I spent some more time to think whether we really need the container
tags (XYZSet). The following example came to my mind. Let's assume we
have a VectorSet vs1 containing two Vectors v1 and v2 -- like this:
Scenario 1 (with XYZSets):
<Page>
<VectorSet id="vs1">
<Vector id="v1"> ... </Vector>
<Vector id="v2"> ... </Vector>
</VectorSet>
...
</Page>
Scenario 2 (without XYZSets):
<Page>
<Vector id="v1"> ... </Vector>
<Vector id="v2"> ... </Vector>
...
</Page>
Now the question is: Is a signature over [vs1] in scenario 1 equivalent
to a signature over [v1, v2] in scenario 2? The surprising answer is "no".
In both scenarios, the signatures prevent the modification of the data
in v1 and v2. But in scenario 2, we could easily introduce another
Vector v3 without invalidating the signature - because v3 is outside the
scope of the signature:
<Page>
<Vector id="v1"> ... </Vector>
<Vector id="v2"> ... </Vector>
<Vector id="v3"> ... </Vector>
...
</Page>
In scenario 1, doing this would make the signature invalid (which is the
desired behavior).
So taking out the container tags (XYZSets) would significantly weaken
the security of our digital signature mechanism: It allows data to be
added without the ability to detect it (unless you sign the entire
surrounding element - which will not always be possible). This will make
the 21 CFR Part 11 folks very unhappy.
Therefore I would tend to leave the container tags in.
Best wishes,
Burkhard
Anh Dao Nguyen wrote:
>
> Hi Maren,
>
> I have developed a small digital-signature-signing and –verification
> program which allows signing numerous data objects (elements) all at
> once. If the purpose for creating the “XYZSet” containers was to be able
> to sign several elements of similar type at one time, then it would be
> unnecessary. You are right, we theoretical can remove all the
> Set-containers from the Core Schema.
>
> At the beginning stage of the application development, I used
> “Object”-element-concept (according to the paragraph 2.3 of the
> DSig-Specification) to sign multiple data objects. That means the data
> being signed must be accommodated within the “Object” element.
>
> For instance:
> ….
> <Sample derived="false" *id="signitem1"* sampleID="SRM936">
> …
> </Sample>
> …….
> <Signatures>
> <Signature Id="sig0">
> <ds:SignedInfo>
> <ds:Reference URI="*#signObject1*">
> …
> </ds:Reference>
> </ds:SignedInfo>
> <ds:*Object* Id="*signObject1*">
> <Sample derived="false" *id="signitem1"*
> sampleID="SRM936">
> …
> </Sample>
>
> </ds:Object>
> </Signature>
> </Signatures>
>
>
> As everyone already knew, each ID must be unique within an
> AnIML-document. Therefore I had to remove the original data of the
> signed element (outside of the signature element) from the AnIML file.

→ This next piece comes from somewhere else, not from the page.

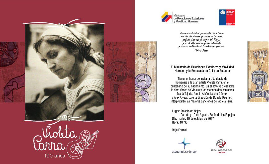 #Ahora | Inicia homenaje por los 100 años del natalicio de Violeta Parra en @CancilleriaEc | #VioletaParra100 #A0Gradospic.twitter.com/0MrumVinIb

> Otherwise, we would have double ID in the AnIML file (id=”signitem1”).
> Finally, I decided to utilize “Reference” element within the “SignInfo”
> element to refer to the signed data by using “URI” attribute (see the
> attach file).
>
> ….
> <Sample derived="false" id="*signitem1*" sampleID="SRM936">
> …
> </Sample>
> …….
> <Signatures>
> <Signature Id="sig0">
> <ds:SignedInfo>
> <ds:Reference *URI="# signitem1"*>
> …
> </ds:Reference>
> </ds:SignedInfo>
>
> </Signature>
> </Signatures>
>
>
> Anh Dao
>
>
>
>
> At 05:57 AM 1/26/2005, Mar...@wa... wrote:
>
>> Hi Mark,
>>
>> > But let's go on and see if we can make a better hierarchical model.
>> OK. I had a look at the XML-DSIG Specification
>> (http://www.w3.org/TR/xmldsig-core/) yesterday, and it looks like we can
>> get rid of the "XYZSet" containers in the Core Schema:
>> The idea of these was, as far as I remember, to be able to sign several
>> elements of the same kind at once.
>> XML-DSIG has an element called "Signature" with several children. The one
>> that tells you what you are signing is "SignedInfo/Reference", which has
>> an optional "URI" attribute where you state the URI of the object you're
>> signing. Now, paragraph 2.3 of the Spec says that you can include
>> multiple
>> "Reference" elements within "SignedInfo" to sign multiple data objects.
>> Judging from this, we don't need the containers any more. I made a new
>> core schema based on animl-core 1.05 where I took the container elements
>> out:
>>
>> By the way, I am not sure any more whether this is the version with the
>> corrected references or not. Maybe Anh Dao can help clarify this.
>>
>> However, I'm wondering whether we really need the possibility to sign
>> single elements in the AnIML file, or whether it would suffice to be able
>> to sign the whole document. Any thoughts on that?
>>
>> BTW, The technique schema remains untouched by the changes I made.
>>
>> I have some more questions/suggestions about schema details:
>>
>> - In the Technique Schema, we have an attribute "maxOccurs" and an
>> attribute "modality". It would be more consistent to replace "modality"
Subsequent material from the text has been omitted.